Kesenjangan tersebut semakin terasa ketika Umbo Ino melanjutkan pendidikan ke Bali. Di sana ia menyaksikan betapa pendidikan, kesehatan, dan teknologi dapat diakses secara cepat dan merata. Sesuatu yang justru masih menjadi kemewahan di sebagian besar wilayah Sumba.
Kuliah menjadi momen besar bagi Umbo Ino untuk berkembang. Selain mengenyam pendidikan, dirinya juga sengaja menjalin relasi dengan seluas-luasnya.

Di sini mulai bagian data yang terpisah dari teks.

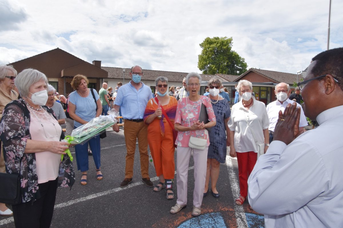 Dr. Dim zu Ehren sang der unter dem neuen Kirchenmusiker Erik Arndt erstmals öffentlich auftretende Kirchenchor St. Cäcilia. Die Kinder des Familienmesskreises um Agnes Peters brachten beste Wünsche in Igbo dar, Innocent Dims Muttersprache.
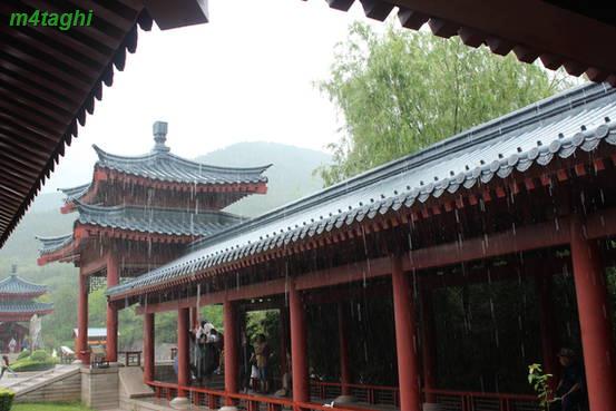 حدود یک و نیم ساعت بعد به منطقه ای سرسبز و کوهستانی میرسیم و راننده ما را پیاده میکند. باران تازه شروع شده و درفاصله کوتاهی که از درب ورودی به جایگاه خرید بلیت برسیم، بغض آسمان میترکد و دلش را یکباره خالی میکند و حالا نبار و کی ببار.... بلیت هشتاد یوانی مجموعه را خریداری کرده و همانجا سرپناه میگیریم.

Tak hanya itu, Umbu Ino juga harus rela bekerja serabutan hanya untuk memenuhi kebutuhan hidupnya sehari-hari. Umbu Ino sangatlah menyadari kalau hidupnya jauh dari modal materi yang besar.
Namun dirinya sangat meyakini kalau ide, tekad, dan keberanian yang dimiliki justru menjadi modal penting untuk membawa perubahan besar bagi kampung halamannya.
2020 menjadi tahun yang membawa Umbo Ino pulang ke tanah kelahirannya. Keputusan tersebut diambil setelah ia melihat kondisi daerah pelosok yang belum banyak berubah. Tanpa waktu lama, Umbu Ino memutuskan untuk bergerak. Sehari-hari dirinya mengidentifikasi kebutuhan masyarakat, menganalisis data, dan menghubungi para mitra.
Bersama sejumlah temannya, Umu Ino menginisiasi sebuah gerakan bernama Menyapa Sumba, sebuah komunitas yang lahir dari kepedulian bukan kelimpahan.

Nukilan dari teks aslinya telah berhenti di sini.